Centuries later, an initial resort to brute force remains a vital part of the remedy for many failed states. Even before 9/11, there had been western-led military interventions in the 1990s, aimed at filling governmental vacuums in a variety of weak or failing nations: Bosnia, Kosovo, East Timor, Haiti, Liberia and Sierra Leone among them.
Unfortunately, outside military intervention is far from a panacea. Even when it works, there remains the vexing problem of setting up sustainable government structures. But, it is also increasingly apparent that the US and its allies are sometimes not even capable of getting to stage one – establishing a military supremacy that will allow them to proceed to working on sustainable civilian institutions.
The war in Afghanistan is the prime example of this problem. Despite the commitment of billions of dollars in aid and more than 70,000 troops from a 40-nation military alliance, the security situation seems to be going backwards. A new American administration is likely to push for a greater troop commitment – both from US troops and from Nato allies. Yet, there are grounds for scepticism that this will achieve very much.

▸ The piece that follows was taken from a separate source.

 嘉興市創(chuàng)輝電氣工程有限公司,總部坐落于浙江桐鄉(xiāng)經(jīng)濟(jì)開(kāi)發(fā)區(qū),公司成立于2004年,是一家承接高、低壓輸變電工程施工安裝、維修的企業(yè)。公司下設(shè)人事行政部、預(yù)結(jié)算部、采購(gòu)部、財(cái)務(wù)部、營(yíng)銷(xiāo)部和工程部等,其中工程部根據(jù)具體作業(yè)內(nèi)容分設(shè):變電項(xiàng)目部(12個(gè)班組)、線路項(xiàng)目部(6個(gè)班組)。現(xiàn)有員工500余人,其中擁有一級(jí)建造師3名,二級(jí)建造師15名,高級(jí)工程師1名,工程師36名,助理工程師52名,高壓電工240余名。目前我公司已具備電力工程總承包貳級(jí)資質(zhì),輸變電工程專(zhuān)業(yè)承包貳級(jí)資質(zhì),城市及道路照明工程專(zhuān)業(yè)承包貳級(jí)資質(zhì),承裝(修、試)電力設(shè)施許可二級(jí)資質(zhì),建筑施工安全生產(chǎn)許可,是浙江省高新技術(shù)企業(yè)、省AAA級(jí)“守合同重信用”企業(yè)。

Some counter-insurgency experts point out that Nato might have to commit twenty-five times its current level of troops to achieve the same level of territorial coverage that was deemed necessary in Bosnia. Clearly, this is politically unthinkable. Yet, the political and military commitment to Afghanistan by the west is very strong, in comparison with the situation in other failed states. After its bloody experiences in Somalia in the early 1990s, the US will not be rushing to deploy troops in the Horn of Africa.
If and when the necessary levels of security are established to allow for civilian institution-building, a new set of issues comes to the fore. Which institutions are best equipped to provide the expertise necessary to help build states? In general, different western multilateral institutions have tended to take on particular roles. The World Bank has specialised in economic advice. Aid agencies (whether governmental or non-governmental) have taken on the role of administrative reforms. Social policy often falls under the ambit of a variety of NGOs.
But all these well-intentioned outsiders often require co-ordination, by a semi-imperial authority. In Bosnia, this was the role assigned to Lord Ashdown, a former leader of Britain’s Liberal Democrats, who effectively became a UN-appointed viceroy until 2006. Lord Ashdown was nominated for a similar role in Afghanistan earlier this year – but eventually rejected by the Afghan government.
A recent set of studies* by the Rand Corporation, an American think tank indicates that the UN – often derided, particularly in the US, as slow and bureaucratic – has a relatively good record in nation-building. Its combination of legitimacy, institutional memory and in-house expertise is a powerful one.
Even calling on the UN, however, is hardly a guarantee of success. Feeble UN peacekeeping missions have failed to pacify the Congo, for example.
With success so elusive in a number of failed states, the international community may be tempted to redefine “success”. The experience of Afghanistan, in particular, has heightened scepticism about the ability of a poor and tribal society to maintain the kind of democratic institutions that are dreamed up at international conferences.
For better or worse, the west is moving towards a second-best solution in Afghanistan – trying to establish a sovereign authority (or authorities) capable of preventing the return of anarchy and the establishment of safe havens for terrorists. This minimalist model may be the new template for those vexatious “failed states”.
* “America, the UN and Europe’s role in nation building,” edited by James Dobbins.